The paper presents OmniJARVIS, a vision-language-action (VLA) model for open-world instruction following. Integral to the model is a self-supervised behavior tokenizer that is conditioned upon text, vision, and action inputs. Behavior tokens are then decoded by a policy decoder and converted to a sequence of low-level actions. The encoder has the advantage that long-horizon sequences of instructions, observations, self-generated text, and behaviors can be combined into unified token sequences and processed via an autoregressive transformer. OmniJARVIS additionally includes a pipeline for synthesizing instructions, memory to track longer histories, and chain-of-thought text from offline observation-action data. Experiments demonstrate that OmniJARVIS outperforms contemporary baselines on a variety of tasks in Minecraft.

The paper was reviewed by four referees who agree on many of the strengths and weaknesses of the initial submission. Notably, at least two reviewers appreciate the novelty of the proposed behavior transformer as an effective means of connecting VLAs to low-level actions, with the advantage that it avoids needing to perform inference using LLMs for every action generation. Reviewers emphasized the fact that the method scales with regard to model sizes, which is not necessarily the case with existing methods. As several reviewers note, the experimental results demonstrate strong gains in performance over state-of-the-art baselines in Minecraft. Other reviewers found the paper to be well written and easy to follow, and the illustrations to be clear.

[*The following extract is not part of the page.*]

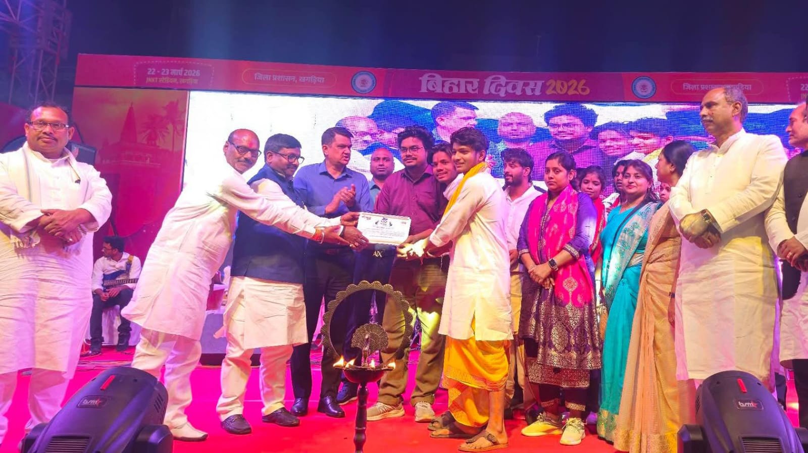 जब उनकी आवाज ने सुरों का जादू बिखेरा, तो आम हो या खास , हर कोई खुद को झूमने से रोक न सका। इस रंगारंग महफिल में स्थानीय प्रतिभाओं ने भी अपनी चमक बिखेरी। बचपन प्ले स्कूल, डीएवी, डेंजरस डांस एकेडमी और संसारपुर के नन्हे-मुन्ने और युवा कलाकारों ने बिहार गीत, छठ गीत और लोकधुनों पर ऐसी दिलकश प्रस्तुतियाँ दीं कि हर नज़र ठहर गई और हर दिल वाह-वाह कर उठा। स्थानीय गायकों में कमल भारती और मनीष कुमार की सुमधुर आवाज ने भी समां बांध दिया। तालियों की गूंज ने उनके हुनर को खुलकर सराहा। कार्यक्रम के अंत में जिला पदाधिकारी, पुलिस अधीक्षक,सदर विधायक,उप विकास आयुक्त,नगर सभापति आदि सभी कलाकारों को मुख्य अतिथियों द्वारा प्रशस्ति पत्र देकर सम्मानित किया गया।यह एक खूबसूरत एहसास और एक यादगार लम्हा खगड़िया वासियों के दिल में गुदगुदाते रहेंगे। सदर विधायक बबलू कुमार मंडल ने स्थानीय छोटे बड़े कलाकारों की प्रतिभा को अद्भुत बताया वहीं फनकार अल्तमश फरीदी का खगड़िया की धरती पर अभिनन्दन किया। कहा आज यहां की माटी सांस्कृतिक गौरवगाथा से धन्य धन्य हो गई।

The reviewers similarly agreed regarding the weaknesses of the paper as initially submitted. These include the lack of important algorithmic and experimental details (e.g., with regard to the encoder and policy decoder architectures). Reviewers found the experimental evaluation to be lacking, particularly with regard to the need for token and context length ablations, and the need to experimentally support claims about training/inference efficiency. Additionally, reviewers questioned the differences between OmniJARVIS and the existing GROOT method as well as the nature of dataset on which the model was trained. The authors made a concerted effort to address these and other issues during the rebuttal feedback, which helped to clarify the core contributions of the work as indicated by the fact that all four reviewers increased their overall scores. As they claim to do in their response, the authors are strongly encouraged to incorporate the results of this discussion, including the additional experiments and the nature and impact of the dataset, into the paper (and minimizing the need to refer readers to the GROOT paper for details as pointed out by Reviewer qkWa).